ABOUT THIS EXERCISE:
What you write should be an exact repeat of the lines from the one with "691,65 m² de" through the final line below, minus the pictures.

Records from a data source
Segment Open
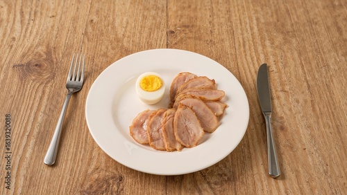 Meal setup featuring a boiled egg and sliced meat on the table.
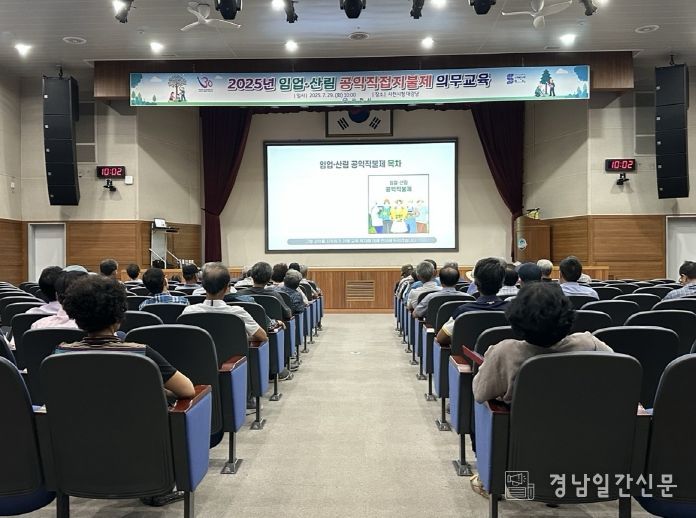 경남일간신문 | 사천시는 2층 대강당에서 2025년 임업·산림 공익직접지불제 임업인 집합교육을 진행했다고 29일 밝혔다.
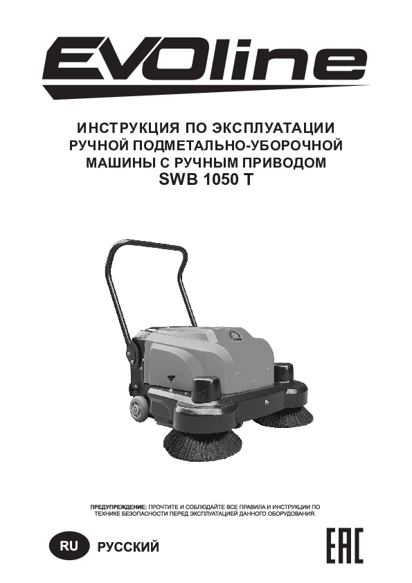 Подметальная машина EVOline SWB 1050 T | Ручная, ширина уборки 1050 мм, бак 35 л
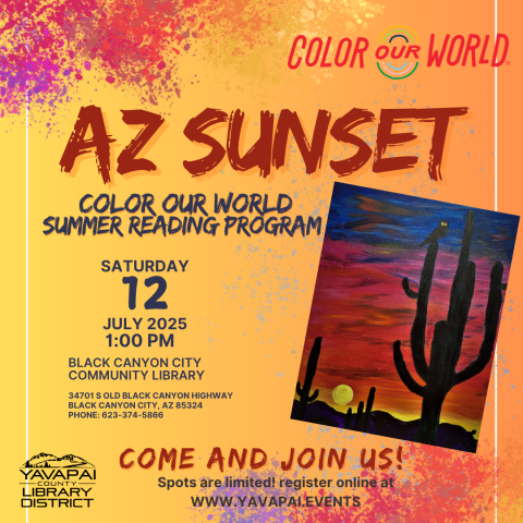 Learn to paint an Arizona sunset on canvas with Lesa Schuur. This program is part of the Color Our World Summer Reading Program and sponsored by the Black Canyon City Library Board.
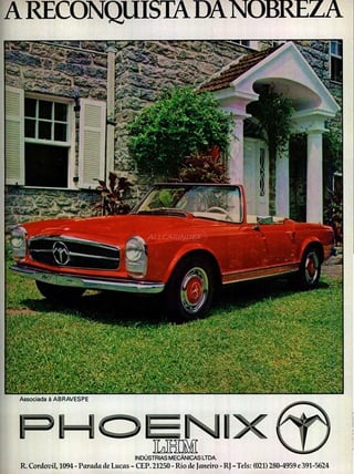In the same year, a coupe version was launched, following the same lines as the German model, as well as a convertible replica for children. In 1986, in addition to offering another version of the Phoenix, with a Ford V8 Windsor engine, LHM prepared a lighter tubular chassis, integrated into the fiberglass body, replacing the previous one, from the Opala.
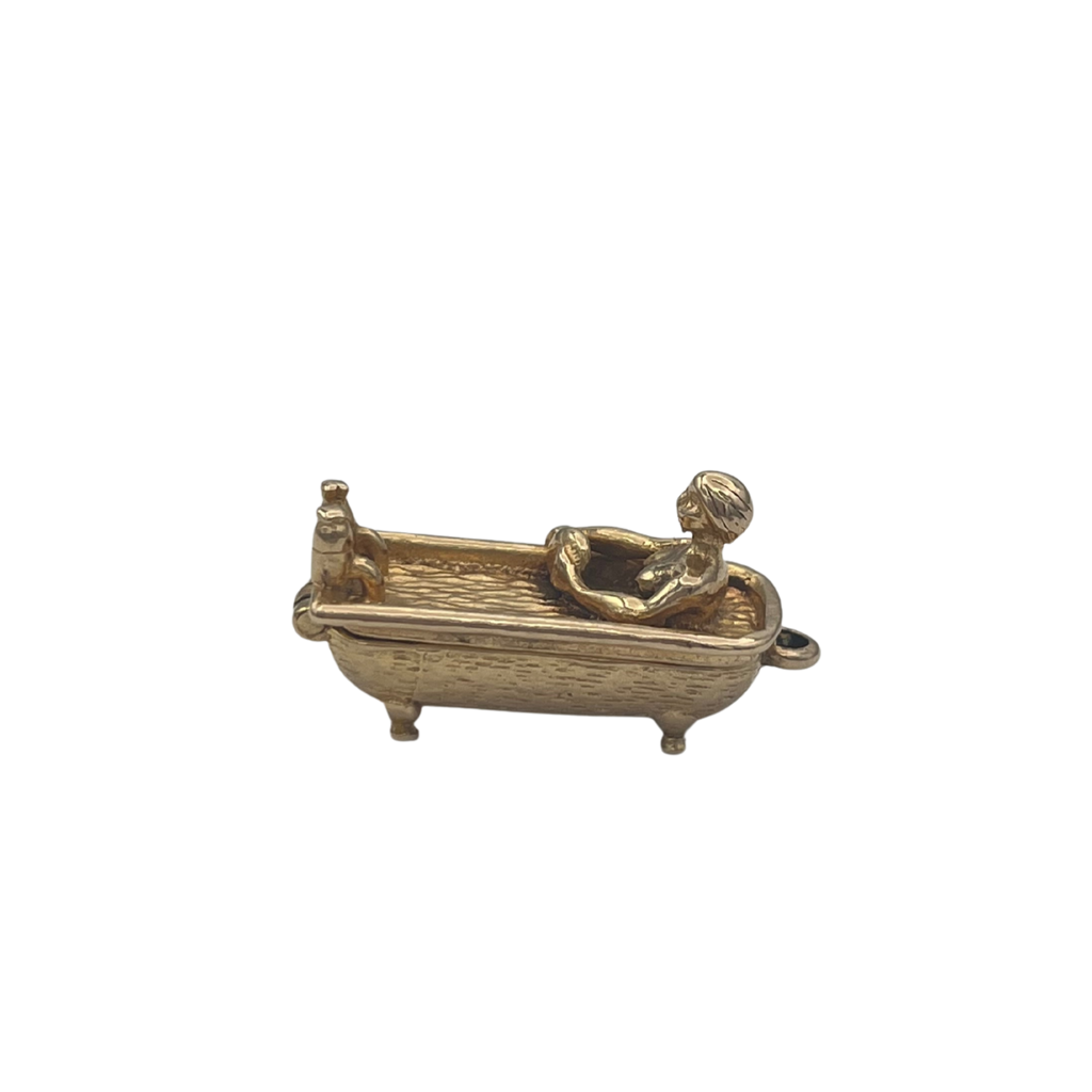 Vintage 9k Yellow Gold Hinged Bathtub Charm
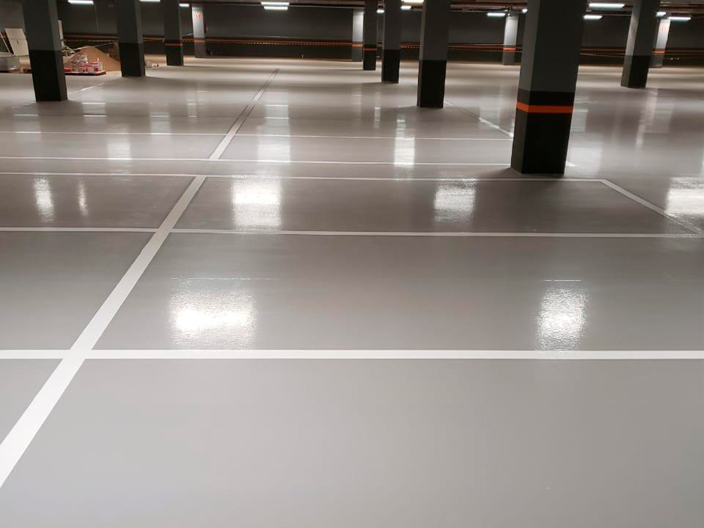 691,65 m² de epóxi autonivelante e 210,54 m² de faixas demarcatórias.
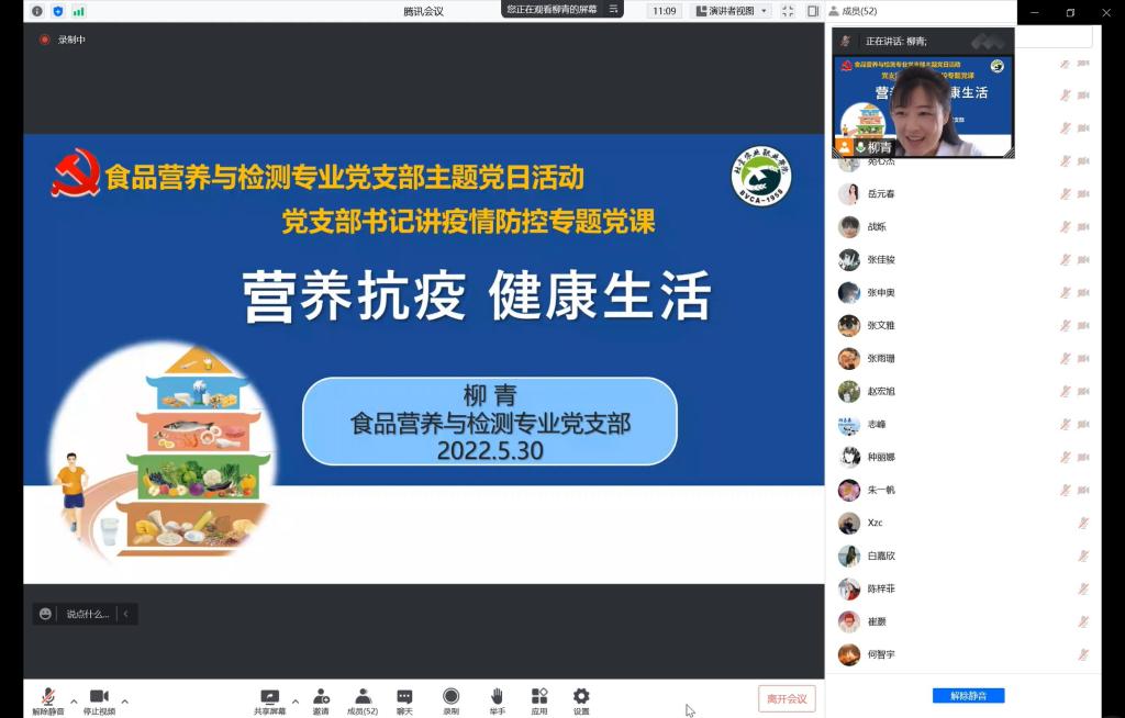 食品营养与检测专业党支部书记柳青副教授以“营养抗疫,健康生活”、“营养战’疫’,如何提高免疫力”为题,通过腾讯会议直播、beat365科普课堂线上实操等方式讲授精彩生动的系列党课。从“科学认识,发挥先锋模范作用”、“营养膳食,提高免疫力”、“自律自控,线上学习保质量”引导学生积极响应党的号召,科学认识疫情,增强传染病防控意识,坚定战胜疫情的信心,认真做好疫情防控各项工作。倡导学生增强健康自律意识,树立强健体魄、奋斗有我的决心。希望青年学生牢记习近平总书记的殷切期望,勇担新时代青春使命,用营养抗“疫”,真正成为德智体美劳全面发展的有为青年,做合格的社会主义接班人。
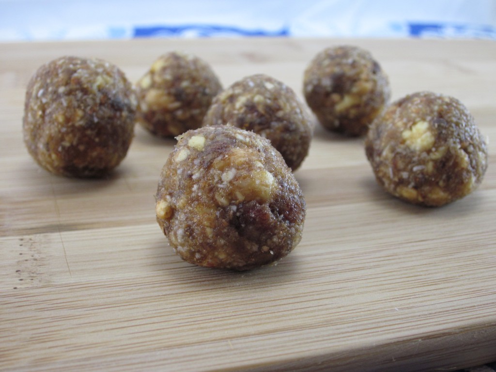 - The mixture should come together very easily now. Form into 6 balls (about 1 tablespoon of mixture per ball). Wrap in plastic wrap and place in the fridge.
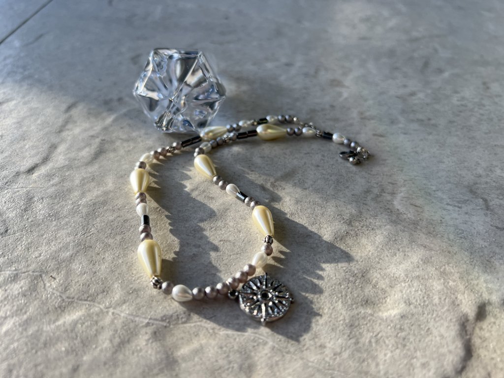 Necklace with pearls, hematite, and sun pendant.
Segment Closed
EXERCISE OUTPUT:
 691,65 m² de epóxi autonivelante e 210,54 m² de faixas demarcatórias.
 食品营养与检测专业党支部书记柳青副教授以“营养抗疫,健康生活”、“营养战’疫’,如何提高免疫力”为题,通过腾讯会议直播、beat365科普课堂线上实操等方式讲授精彩生动的系列党课。从“科学认识,发挥先锋模范作用”、“营养膳食,提高免疫力”、“自律自控,线上学习保质量”引导学生积极响应党的号召,科学认识疫情,增强传染病防控意识,坚定战胜疫情的信心,认真做好疫情防控各项工作。倡导学生增强健康自律意识,树立强健体魄、奋斗有我的决心。希望青年学生牢记习近平总书记的殷切期望,勇担新时代青春使命,用营养抗“疫”,真正成为德智体美劳全面发展的有为青年,做合格的社会主义接班人。
 - The mixture should come together very easily now. Form into 6 balls (about 1 tablespoon of mixture per ball). Wrap in plastic wrap and place in the fridge.
 Necklace with pearls, hematite, and sun pendant.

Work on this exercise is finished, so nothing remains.